In its letter dated December 16, 2014 [Reference 29), the licensee stated that In the event that a non-functioning instrument channel cannot be returned to service within the 90 day period, any compensatory actions will be identified in the corrective action program. For example, enhanced monitoring through operator rounds could be performed to compare the available instrument channel indications to existing SFPIS.
The NRC staff finds that the licensee's proposed testing and calibration program appears to be consistent with NEI 12-02, as endorsed by JLD-ISG-2012-03, and should adequately address the requirements of the order.
4.4 Alternative to NEI 12-02, Revision 1 In its December 16, 2014 [Reference 29], compliance letter, the licensee took an alternative approach to the NEI 12-02, Section 3.2 [Reference 8] guidance regarding cable arrangement.

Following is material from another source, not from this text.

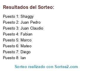 Resultados del sorteo:
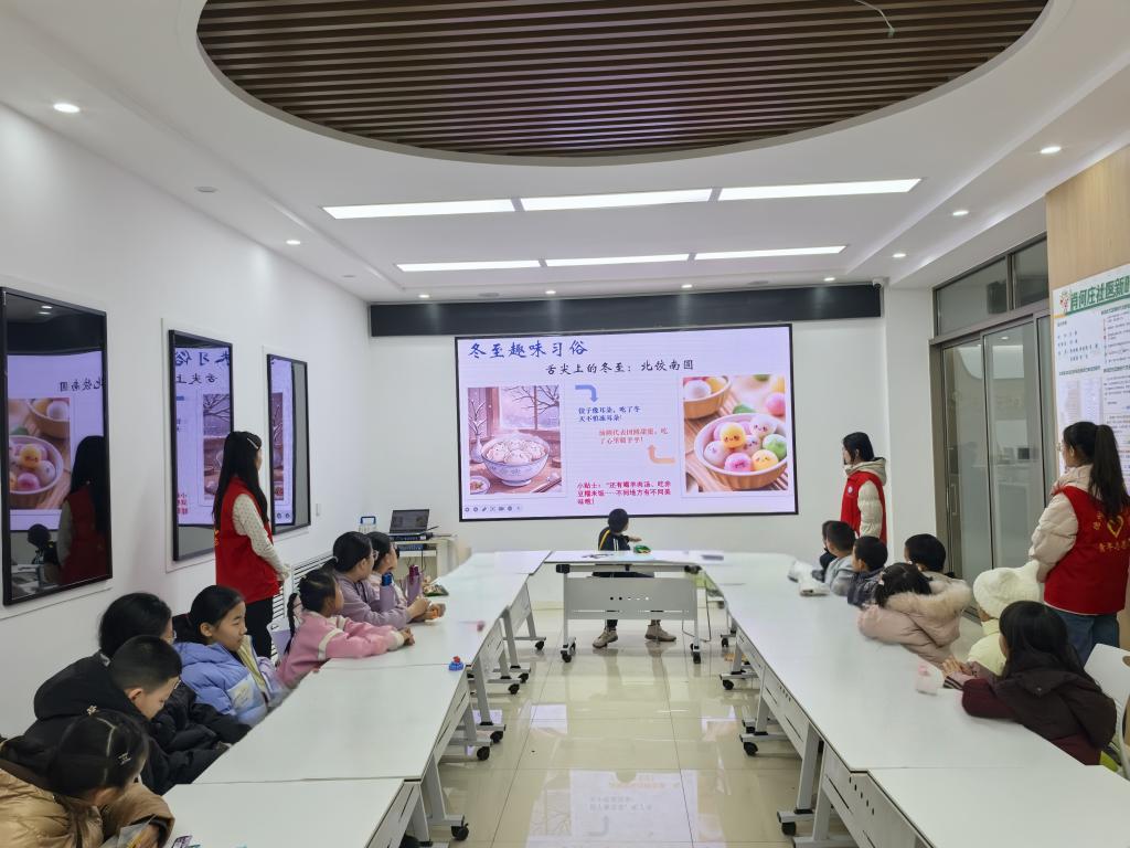 志愿者紧扣冬至养生传统,通过实物展示、趣味动画等生动形式,向孩子们科普生姜、红枣等冬季常见本草食材的特性、功效及家常应用技巧,并设置互动问答,充分调动孩子们的参与热情,现场氛围热烈融洽。在主题绘画环节,志愿者提供融入本草元素的绘画模板,耐心指导孩子们发挥想象,将所学本草知识融入创作,诞生了“本草养生汤圆”“团圆水饺宴”等诸多充满童趣的作品。活动尾声,孩子们集中展示作品,组成“本草冬至童趣展”。

Specifically, NEI 12-02, Section 3.2 adds that the arrangement requirement is to be accomplished by reasonable separation and missile protection, including routing the cabling for power supplies and channel indications separately from other cabling for the other channels.
The NRC staff evaluated the licensee's proposed alternative in Section 4.2.2.
Based on the evaluation above, the NRC staff finds that although the licensee's arrangement for the SFPtS does not meet the guidance of NEI 12-02 [Reference 8], this alternative is acceptable to the NRC staff. This is based on the robust nature of the FB, the AB that shields the FB from tornadic missiles, the lack of high energy piping and reciprocating machinery inside the FB that is associated with internal missiles, and the design of components and supports to either remain functional or intact following an SSE.
4.5 Conclusions for Order EA-12-051 In its letter dated December 16, 2014 [Reference 29], the licensee stated that they would meet the requirements of Order EA-12-051 by following the guidelines of NEI 12-02 [Reference 8], as endorsed by JLD-ISG-2012-03. In the evaluation above, the NRC staff finds that, if implemented appropriately, the licensee has conformed to the guidance in NEI 12-02
[Reference 8], as endorsed by JLD-ISG-2012-03. In addition, the NRC staff concludes that if the SFPIS is installed at Comanche Peak Nuclear Power Plant according to the licensee's proposed design, it should adequately address the requirements of Order EA-12-051.
5.0 CONCLUSION
In August 2013 the NRC staff started audits of the licensee's progress on Orders EA-12-049 and EA-12-051. The NRC staff conducted an onsite audit in April 2015 [Reference 17]. The licensee reached its final compliance date as documented in letter dated July 28, 2016
[Reference 18], and has declared that both of the reactors are in compliance with the orders.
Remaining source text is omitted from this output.